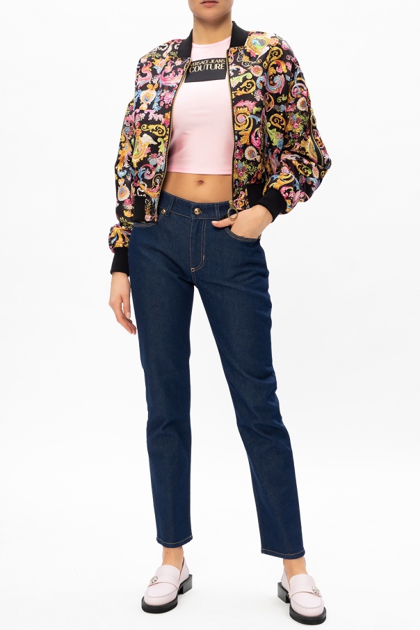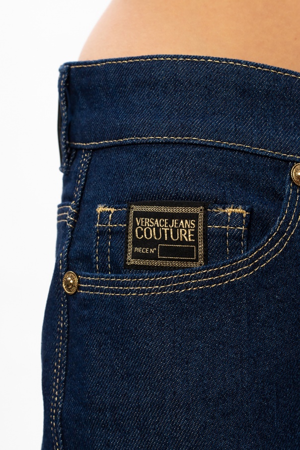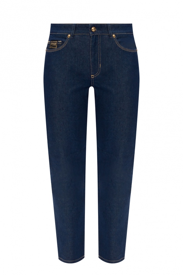Dark blue jeans from Versace Jeans Couture. Fastened with a zip and buttons, this tapered leg design features a logo appliqué at the back, two front pockets and two back pockets.
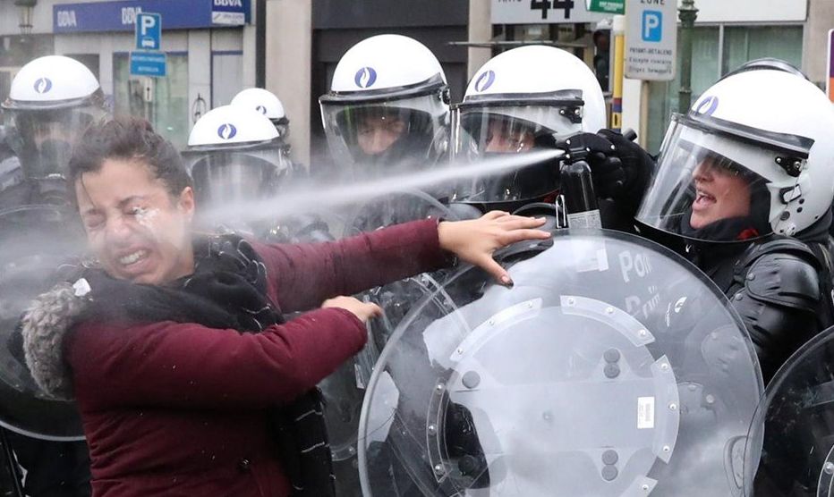 Οι διαδηλωτές βρίσκονταν τις πρώτες απογευματινές ώρες στη «μικρή ζώνη», έναν αστικό δρόμο ταχείας κυκλοφορίας που περιβάλλει το ιστορικό κέντρο των Βρυξελλών.
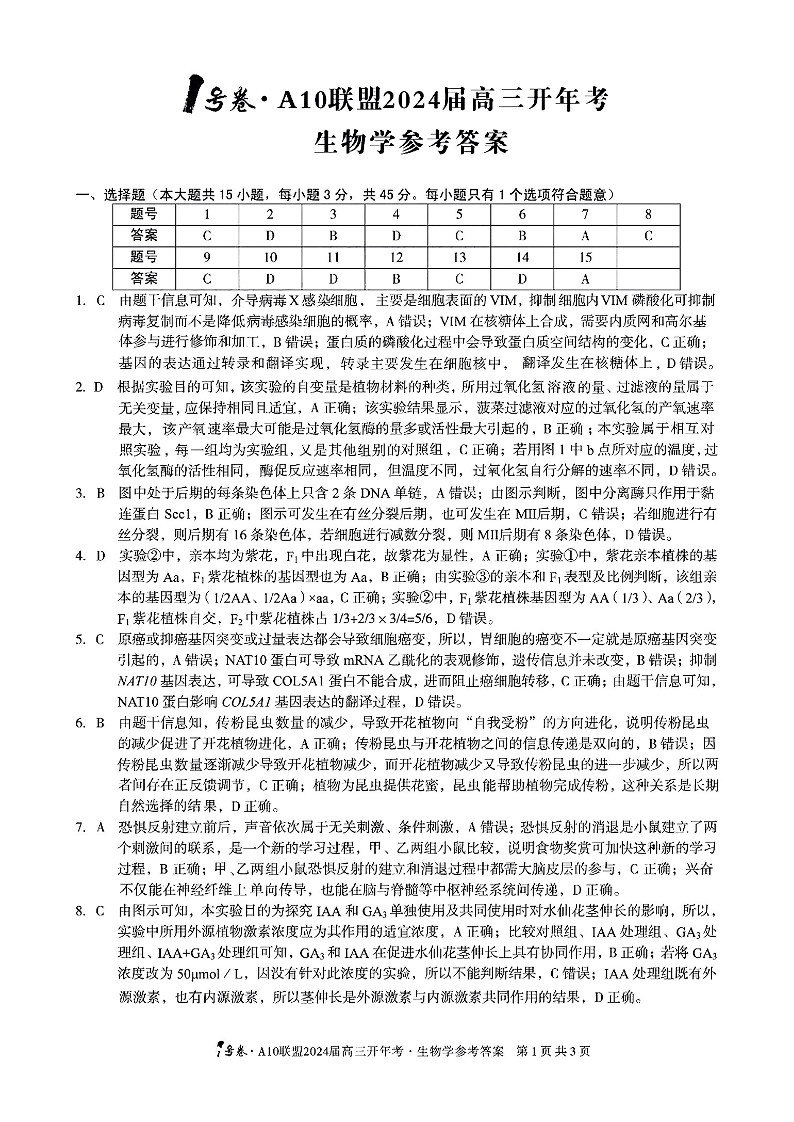 安徽省A10+联盟2023-2024学年高三下学期开年考 生物答案
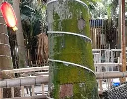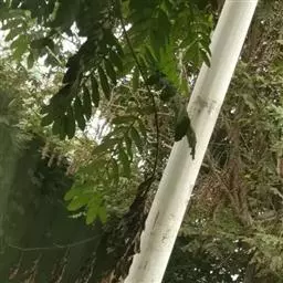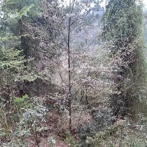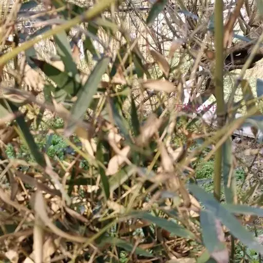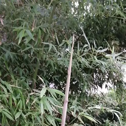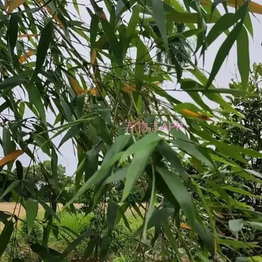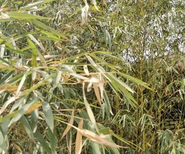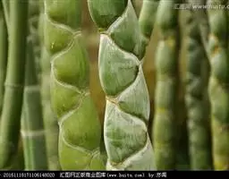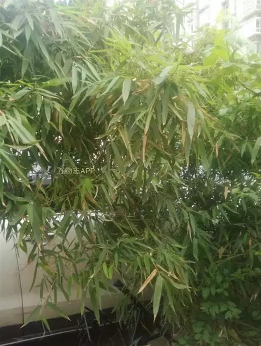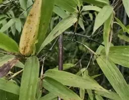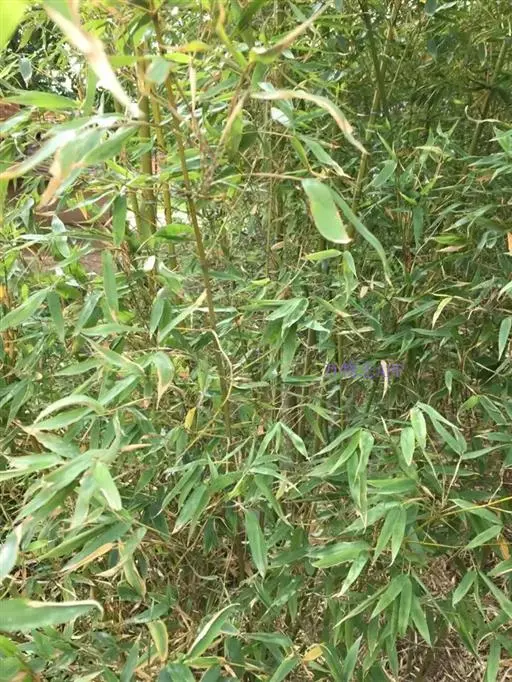 树竿高2— 5米,直径4-10厘米,幼时无毛,微被白粉,绿色,成长的竿呈绿色或黄绿色,在10倍放大镜下可见猪皮状小凹穴或白色晶体状小点;中部节间长20--45厘米,壁厚约5毫米;竿环在较粗大的竿中于不分枝的各节_L不明显;捧环微隆起。捧鞘背面呈乳黄色或绿黄褐色又多少带灰色,有绿色脉纹,无毛,微被白粉,有淡褐色或褐色略呈圆形的斑点及斑块;捧耳及鞘口缝毛俱缺;捧舌绿黄色,拱形或截形,边缘生淡绿色或白色纤毛;捧片狭三角形至带状,外翻,微皱曲,绿色,但具桔黄色边缘。末级小枝有2-5叶;叶鞘几无毛或仅上部有细柔毛;叶耳及鞘口缝毛均发达;叶片长圆状披针形或披针形,长5. 6-13厘米,宽1.1-1. 2厘米。花枝未见。笋期5月中旬。
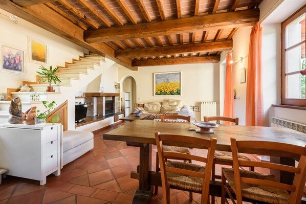 Ground floor: The ground floor consists of a welcoming and bright living area, furnished with: two sofas, tv, fireplace, dining table, and kitchen. The kitchen is fully equipped with: stove, oven, small electric oven, refrigerator, dishwasher, and coffee machine.
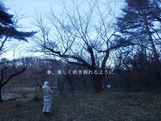 八戸市内の公園に植えられている桜の健康維持と美しい花を咲かせるための準備として、石灰硫黄合剤(殺虫・殺菌効果)という薬剤を散布してきました。
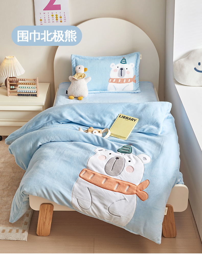 (总)荷马之梦 2025新款纯棉双层纱贴布绣卡通儿童被芯春秋被冬被被子被芯-围住可爱系列,围巾北极熊,围巾小鹿,围巾小兔,围巾小熊,围巾小鸭
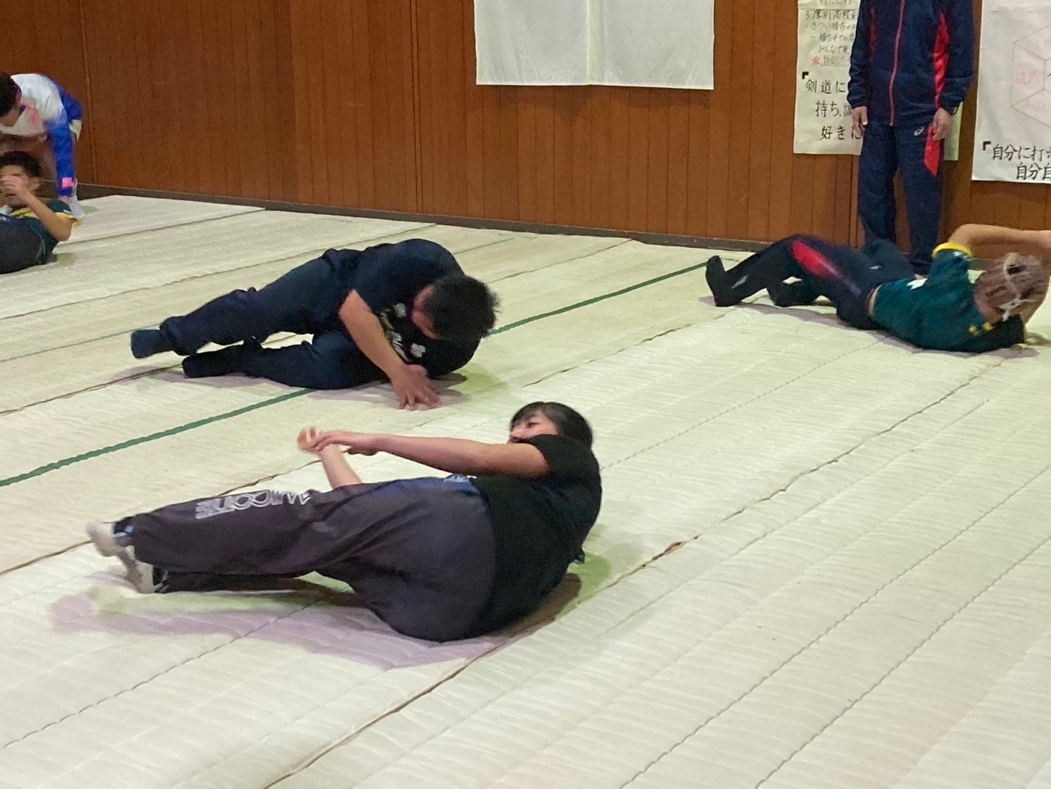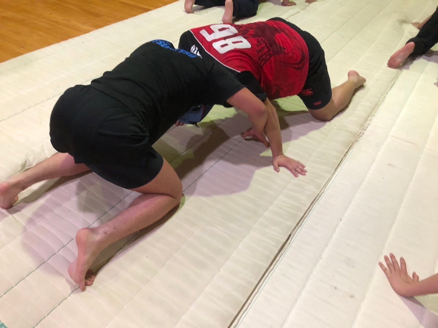 手押し相撲では倒れた時の受け身の練習を兼ねました。楽しみながら良く考えて行っていきましょう。次にタオルを使用してバランス崩しをしました。片足でバランスを上手く取りながら、体幹と軸足にも意識を向けて行っていきましょう。
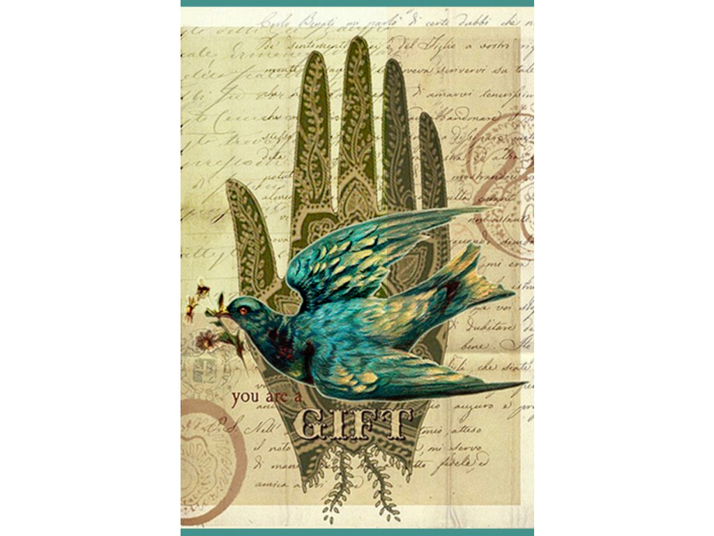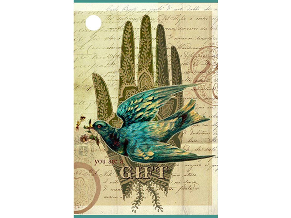 Originální visačka v uměleckém vintage stylu. Na pozadí s motivem starých dopisů a dekorativní kresby ruky letí modrý ptáček s kvítkem v zobáčku. Dole je napsáno „you are a GIFT“, což krásně vyjadřuje, že darovaný předmět je výjimečný.
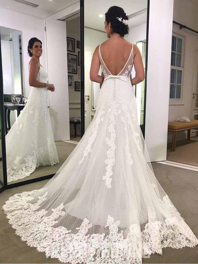 Trendy Spaghetti Strap Lace Wedding Gown TWA4282
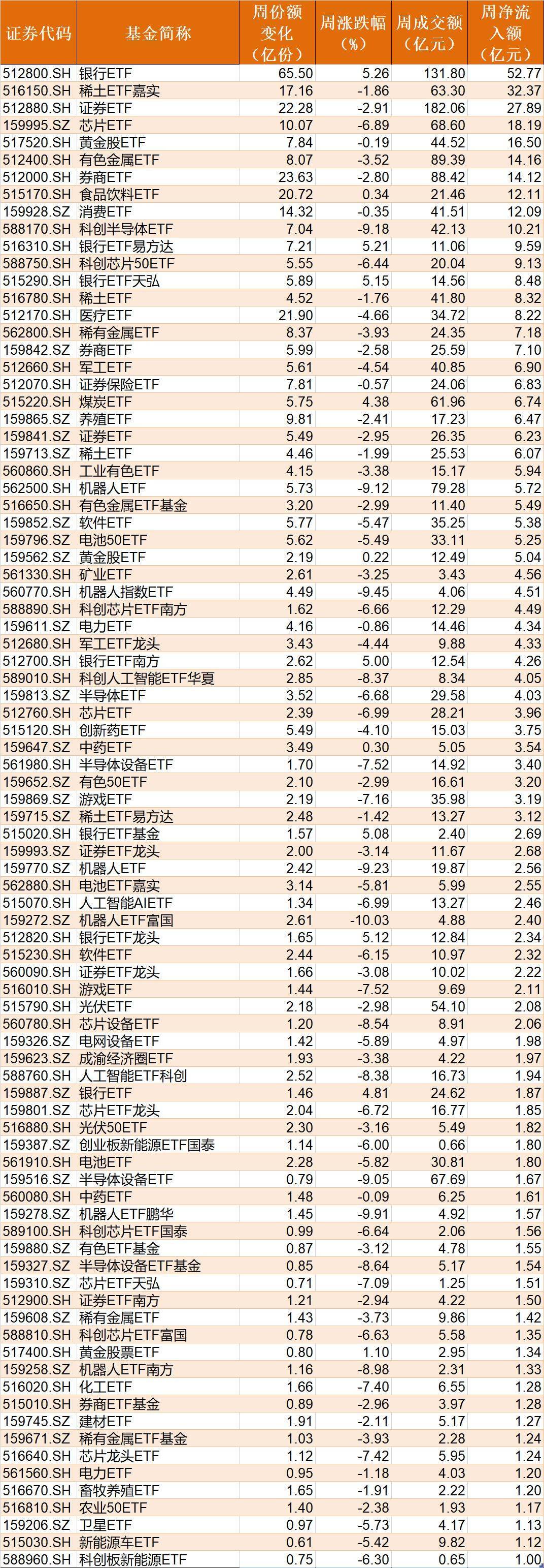 银行、稀土等ETF受资金追捧
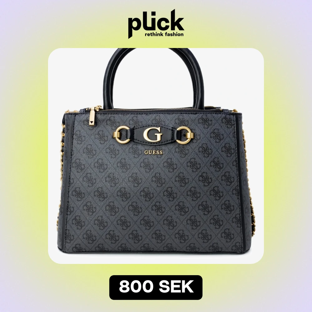 Snygg svart handväska från Guess med gulddetaljer och ett diskret mönster. Väskan har en praktisk dragkedja och kedjedetaljer på sidorna. Perfekt för både vardag och fest!
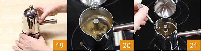 Feche a cafeteira bem apertada 4, para que o café não vaze pelos lados enquanto sobe, e coloque-a em uma chama baixa e constante para obter um café encorpado. À medida que o café sobe, se formará uma espuma densa 5: recomendamos que não deixe o café borbulhar por muito tempo para manter sua doçura e aroma intactos. Seu café está pronto: antes de usá-lo, misture diretamente na moka com uma colher para deixar o café mais homogêneo 6.
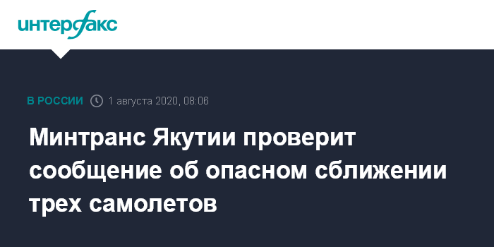 Москва. 1 августа. INTERFAX.RU - Власти Якутии проверяют сообщения о якобы произошедшем в ночь на субботу инциденте с участием трех самолетов, сообщает пресс-служба правительства региона.
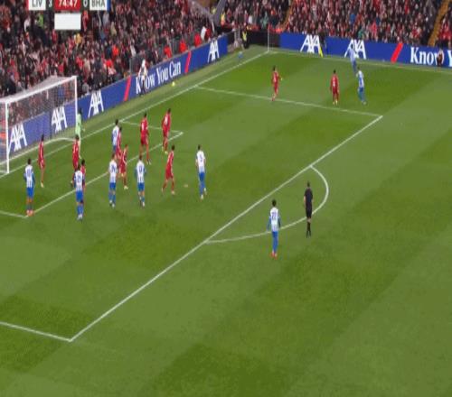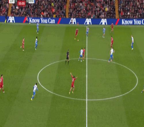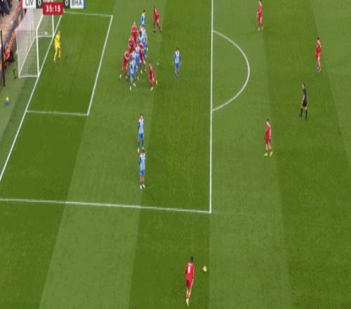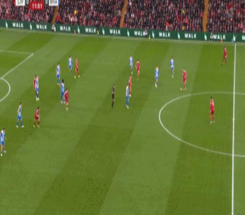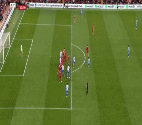 第56分钟,萨拉赫不停球妙传,索博斯洛伊后插上抽射破门,利物浦2-0!

- Task statement
Print the listing verbatim, images excluded.

- Task output
Dark blue jeans from Versace Jeans Couture. Fastened with a zip and buttons, this tapered leg design features a logo appliqué at the back, two front pockets and two back pockets.
 Οι διαδηλωτές βρίσκονταν τις πρώτες απογευματινές ώρες στη «μικρή ζώνη», έναν αστικό δρόμο ταχείας κυκλοφορίας που περιβάλλει το ιστορικό κέντρο των Βρυξελλών.
 安徽省A10+联盟2023-2024学年高三下学期开年考 生物答案
 树竿高2— 5米,直径4-10厘米,幼时无毛,微被白粉,绿色,成长的竿呈绿色或黄绿色,在10倍放大镜下可见猪皮状小凹穴或白色晶体状小点;中部节间长20--45厘米,壁厚约5毫米;竿环在较粗大的竿中于不分枝的各节_L不明显;捧环微隆起。捧鞘背面呈乳黄色或绿黄褐色又多少带灰色,有绿色脉纹,无毛,微被白粉,有淡褐色或褐色略呈圆形的斑点及斑块;捧耳及鞘口缝毛俱缺;捧舌绿黄色,拱形或截形,边缘生淡绿色或白色纤毛;捧片狭三角形至带状,外翻,微皱曲,绿色,但具桔黄色边缘。末级小枝有2-5叶;叶鞘几无毛或仅上部有细柔毛;叶耳及鞘口缝毛均发达;叶片长圆状披针形或披针形,长5. 6-13厘米,宽1.1-1. 2厘米。花枝未见。笋期5月中旬。
 Ground floor: The ground floor consists of a welcoming and bright living area, furnished with: two sofas, tv, fireplace, dining table, and kitchen. The kitchen is fully equipped with: stove, oven, small electric oven, refrigerator, dishwasher, and coffee machine.
 八戸市内の公園に植えられている桜の健康維持と美しい花を咲かせるための準備として、石灰硫黄合剤(殺虫・殺菌効果)という薬剤を散布してきました。
 (总)荷马之梦 2025新款纯棉双层纱贴布绣卡通儿童被芯春秋被冬被被子被芯-围住可爱系列,围巾北极熊,围巾小鹿,围巾小兔,围巾小熊,围巾小鸭
 手押し相撲では倒れた時の受け身の練習を兼ねました。楽しみながら良く考えて行っていきましょう。次にタオルを使用してバランス崩しをしました。片足でバランスを上手く取りながら、体幹と軸足にも意識を向けて行っていきましょう。
 Originální visačka v uměleckém vintage stylu. Na pozadí s motivem starých dopisů a dekorativní kresby ruky letí modrý ptáček s kvítkem v zobáčku. Dole je napsáno „you are a GIFT“, což krásně vyjadřuje, že darovaný předmět je výjimečný.
 Trendy Spaghetti Strap Lace Wedding Gown TWA4282
 银行、稀土等ETF受资金追捧
 Snygg svart handväska från Guess med gulddetaljer och ett diskret mönster. Väskan har en praktisk dragkedja och kedjedetaljer på sidorna. Perfekt för både vardag och fest!
 Feche a cafeteira bem apertada 4, para que o café não vaze pelos lados enquanto sobe, e coloque-a em uma chama baixa e constante para obter um café encorpado. À medida que o café sobe, se formará uma espuma densa 5: recomendamos que não deixe o café borbulhar por muito tempo para manter sua doçura e aroma intactos. Seu café está pronto: antes de usá-lo, misture diretamente na moka com uma colher para deixar o café mais homogêneo 6.
 Москва. 1 августа. INTERFAX.RU - Власти Якутии проверяют сообщения о якобы произошедшем в ночь на субботу инциденте с участием трех самолетов, сообщает пресс-служба правительства региона.
 第56分钟,萨拉赫不停球妙传,索博斯洛伊后插上抽射破门,利物浦2-0!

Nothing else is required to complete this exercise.